Il reste Ă  voir si Ndiaye - qui est si personnellement associĂ© Ă  Macron et qui jouait un rĂŽle si important dans le rĂŽle de mĂ©decin lĂ©giste - peut convaincre les Ă©lecteurs français dĂ©sillusionnĂ©s, de gauche ou moins aisĂ©s que le gouvernement est vĂ©ritablement de leur cĂŽtĂ©. Sa nomination distingue nettement le gouvernement du populisme d'extrĂȘme droite de Le Pen. Mais est-ce suffisant pour que les Ă©lecteurs perdent confiance dans la classe politique?

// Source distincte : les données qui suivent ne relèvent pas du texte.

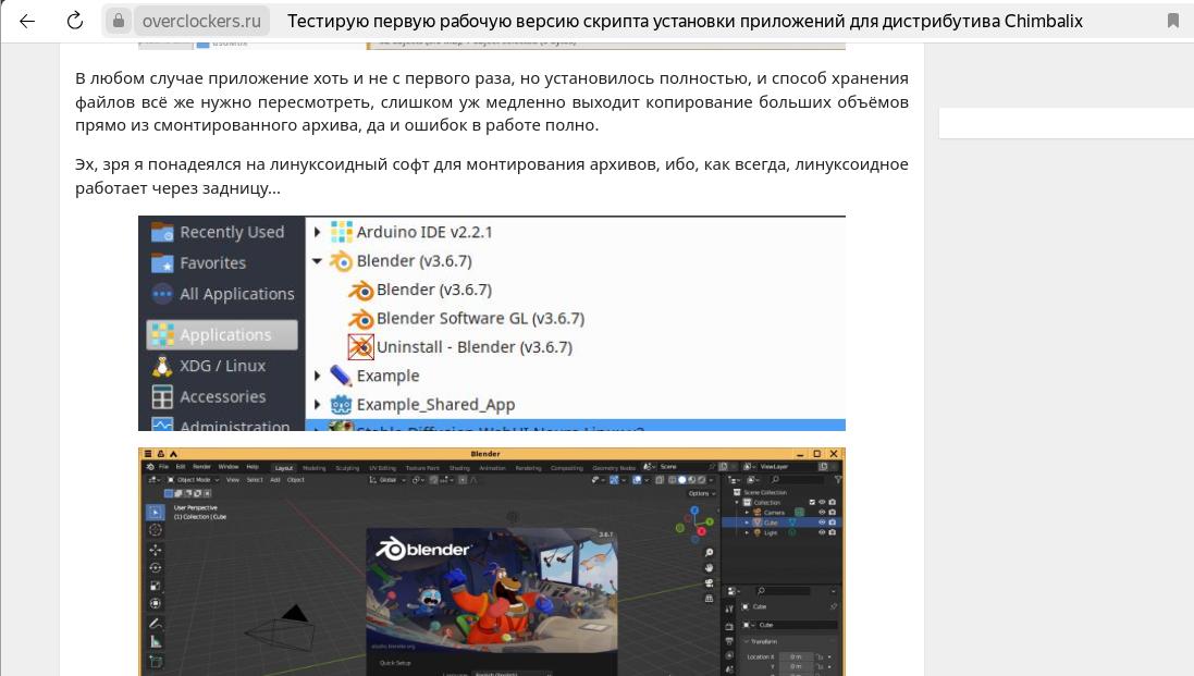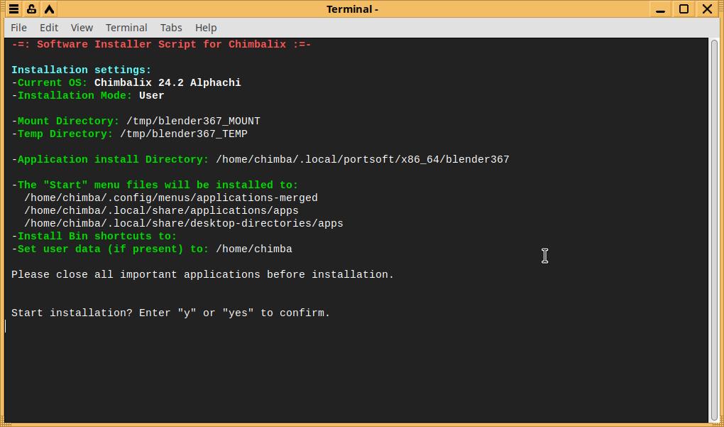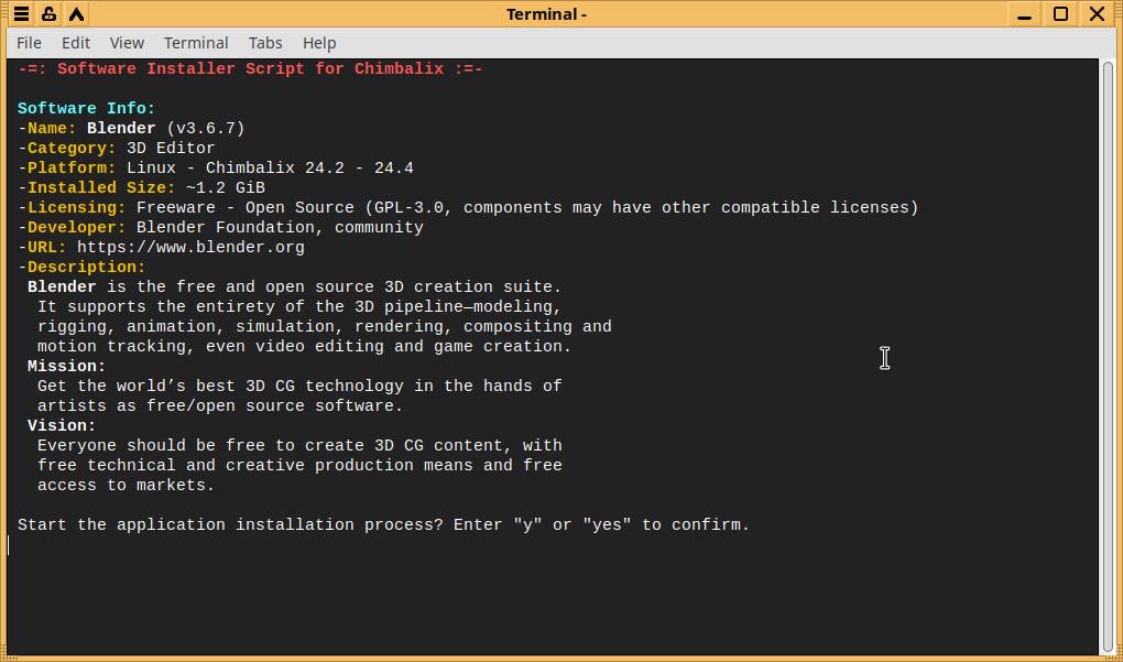 Тестирую первую рабочую версию скрипта установки приложений для дистрибутива Chimbalix
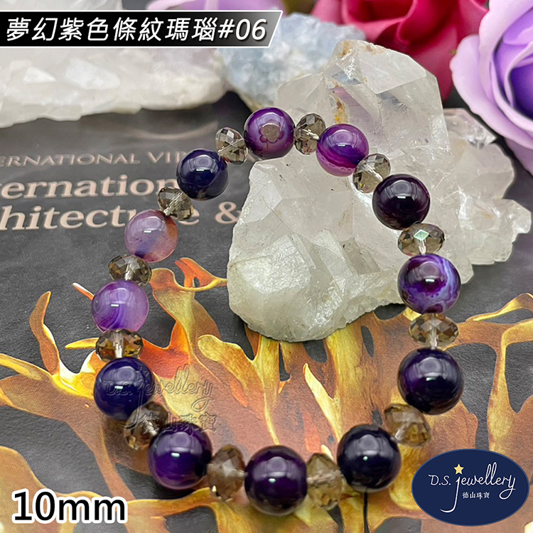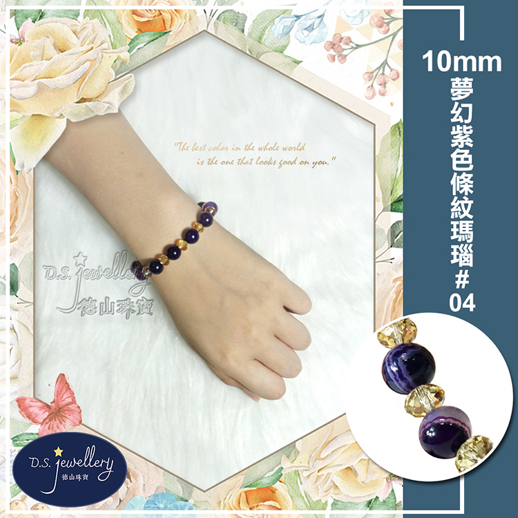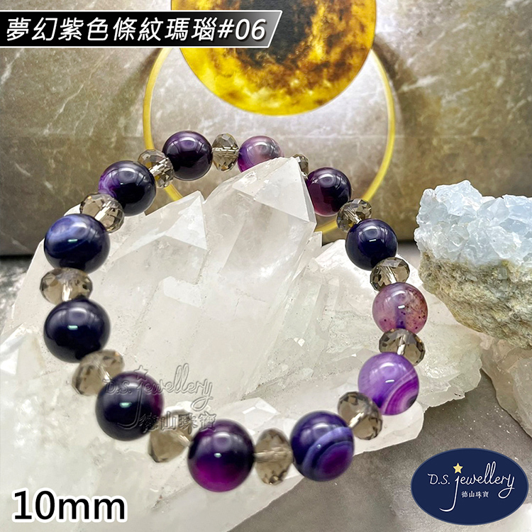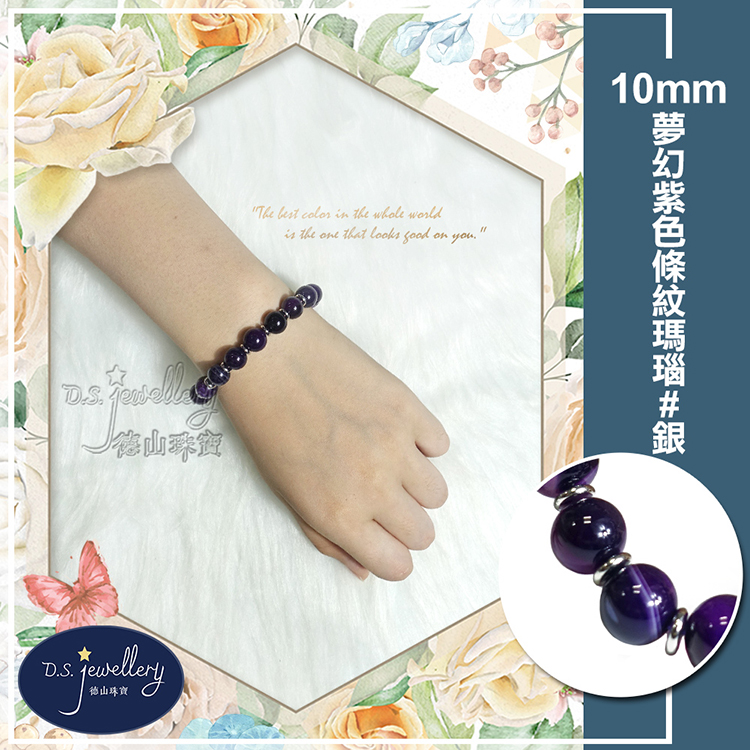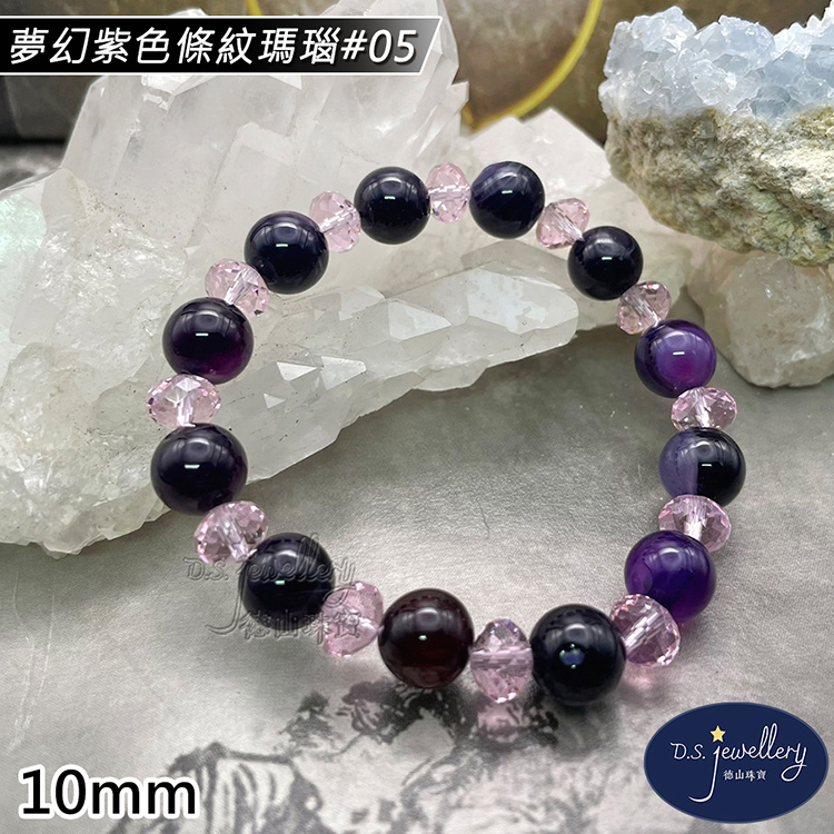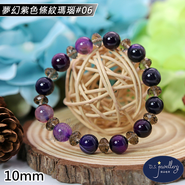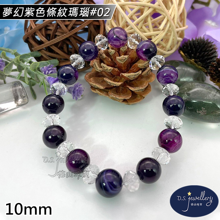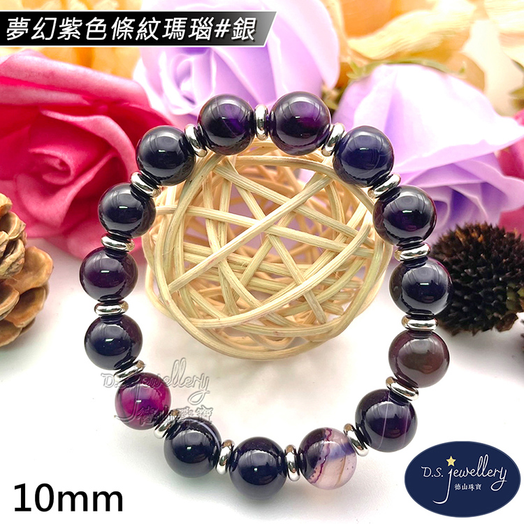 【德山珠寶】5A級10mm夢幻紫色條紋瑪瑙造型手鍊(CE476)

Ndiaye dit qu'un seul facteur a orientĂ© sa vie depuis son enfance au SĂ©nĂ©gal: «Injustice. Je ne pourrais jamais le supporter. Je me suis toujours demandĂ© pourquoi moi et pas les autres? ”Dit-elle. "Pourquoi ai-je vĂ©cu de maniĂšre privilĂ©giĂ©e, suis allĂ© Ă  l’école, Ă©tais bien habillĂ©, avait des choses que d’autres ne faisaient pas juste parce qu’ils ne sont pas nĂ©s dans la bonne famille?" Cette rage ne l’a jamais quittĂ©e, dit-elle.

Pour le moment, au ministÚre, Ndiaye doit se précipiter à sa prochaine réunion du gouvernement. Et tout comme les femmes au pouvoir qu'elle a grandi en admirant, sa voiture avec chauffeur vous attend.